We hear the chilling anonymous order: “On the signal, company will advance!” Blackadder’s final piece of caustic wit is aimed not at Baldrick, George or Darling, but at the war itself. There is no time to listen to Baldrick’s cunning plan:

Well, I’m afraid it’ll have to wait. Whatever it was, I’m sure it was better than my plan to get out of this by pretending to be mad. I mean, who would have noticed another madman round here?

When Blackadder says “Good luck, everyone” before blowing his whistle for the advance, he is sincere. We’re not laughing any more.

In the famous final scene we see all the main characters (except General Melchett) running into action with explosions around them. The scene is shown in slow motion, accompanied by a haunting, echoing piano slowly playing the Blackadder theme. It then fades into a tranquil poppy field, leaving us to draw our conclusions about their fate. Following the laughter that has gone before, this is devastating.

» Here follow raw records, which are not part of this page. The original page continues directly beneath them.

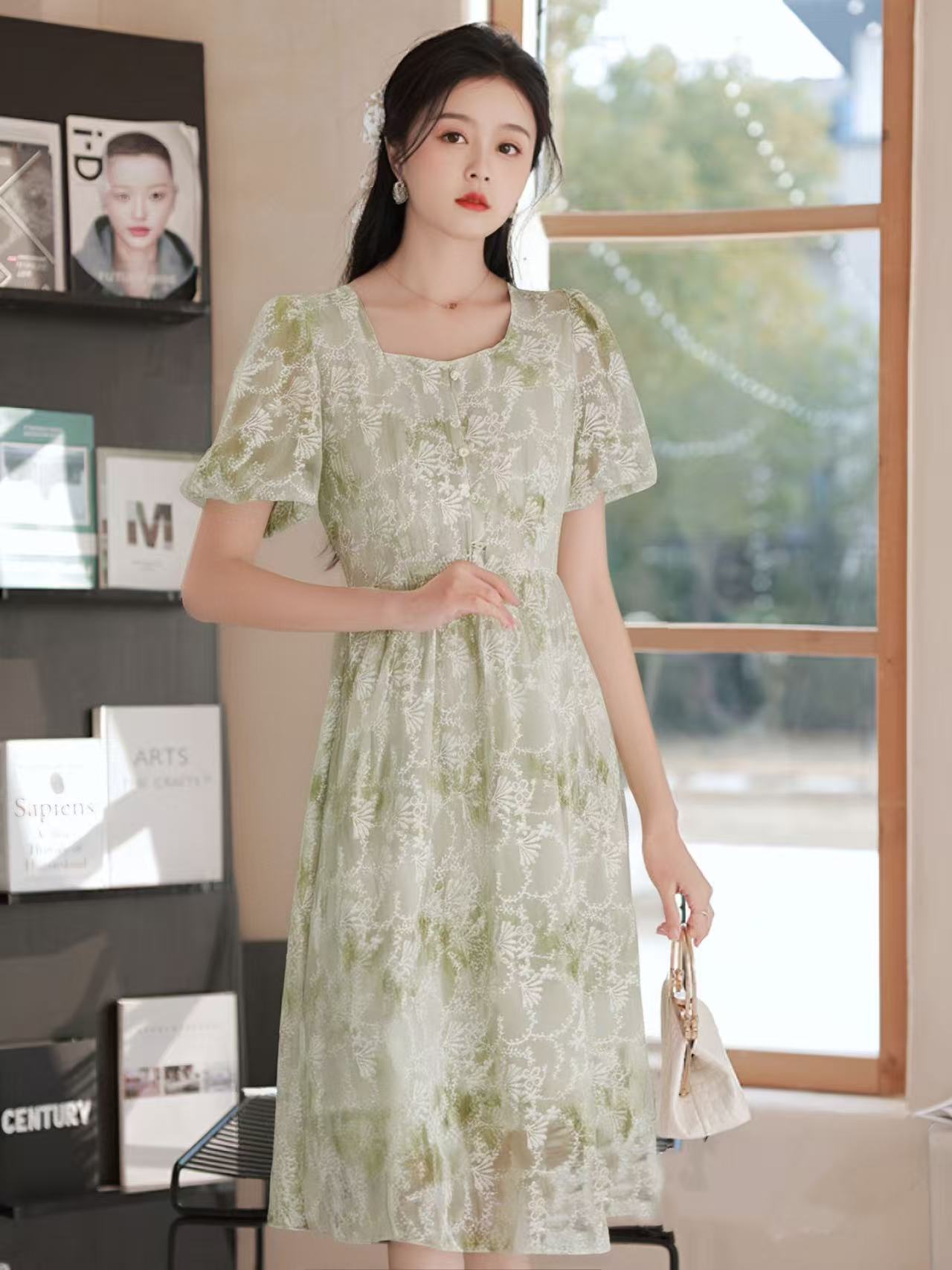 冰点价!仅限11.11!退货勿拍(不支持退)NO退 整件重工绣花{ 连衣裙系列 }法式优雅绣花方领刺绣连衣裙2267-喜出
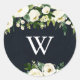Greenery White Floral Royal Blue Monogram Wedding Runder Aufkleber
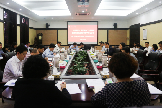 党委副书记、校长丁晓东运用马克思主义思想方法,结合《纲要》《论述》的学习体会,从对接“一带一路”国家战略、构建人类命运共同体的角度谈了自己对树立新时代教育对外开放观、推进新时代国际教育合作的深刻认识。他表示,“一带一路”国家战略是马克思主义中国化的最新成果,是习近平新时代中国特色社会主义思想的伟大胜利。一是从联系的观点看,要统筹国内国际两个大局,从经济全球化和区域经济一体化的视角深入理解推进“一带一路”建设和供给侧结构性改革的重大意义。二是从对立统一的规律看,“一带一路”国家战略将中国与周边国家的争议转化为协同联动发展,将中国在中美博弈中由被动防守转化为主动出击。新时代教育对外开放也要顺应大势,为构建人类命运共同体贡献智慧和力量;新时代国际教育合作也要肩负更加重大的使命,不断拓展与“一带一路”沿线国家的交流。三是从质量互变规律看,“一带一路”建设通过若干年量的积累,一定能产生质变,使中国道路和中国制度在全世界获得更高的认同感。
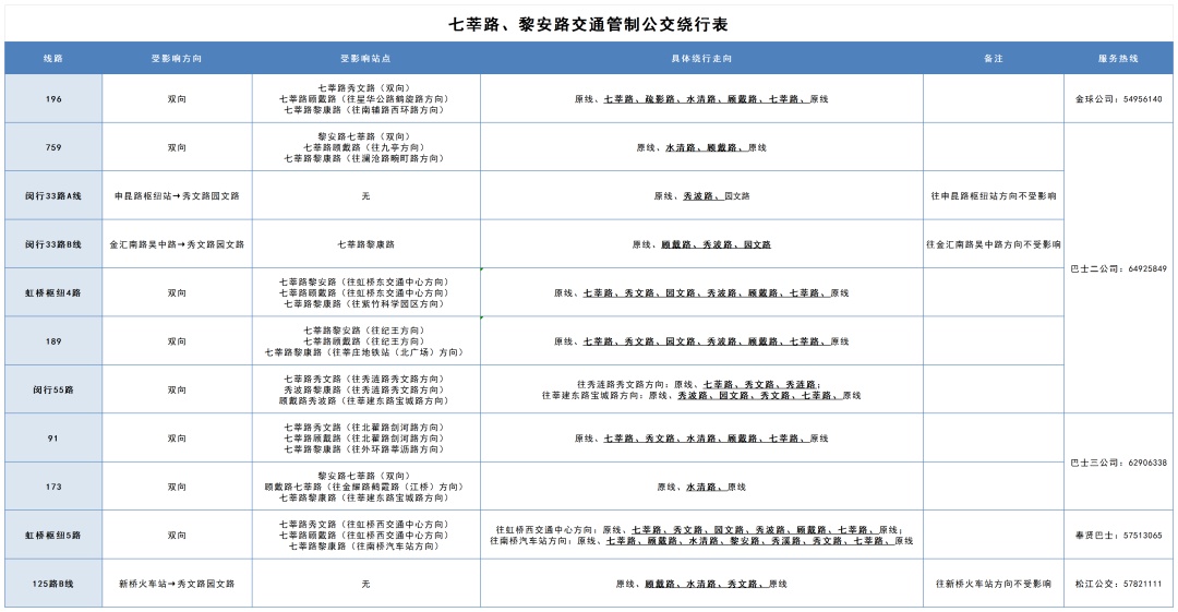 受道路封闭因素影响,公交91路、125路B线、173路、189路、196路、759路、虹桥枢纽4路、虹桥枢纽5路、闵行33路A线、闵行33路B线、闵行55路采取临时绕行措施,乘客需了解详细乘车信息,可拨打公交运营企业服务热线。

It was not written that way. The final scene had been hastily filmed on an unconvincing polystyrene set: furthermore the cast members, having once clambered through the obstructions, smoke and explosions in the dark, feared injury and refused to do another take. The resulting amateurish footage undermined the intended poignancy of the scene, so in editing, the episode’s director Richard Boden had the idea of using slow motion and fading into the poppy field with the sound of birdsong. The end credits were omitted.

During the filming of the episode, Rowan Atkinson described sharing his character’s dread of impending death and feeling a “knot in the pit of my stomach”, something he had not experienced before. By the end, we each have that knot in our stomach. To my mind, this is the finest half hour of television ever made.

And yes, I do mean better than the one with Del Boy falling through the bar.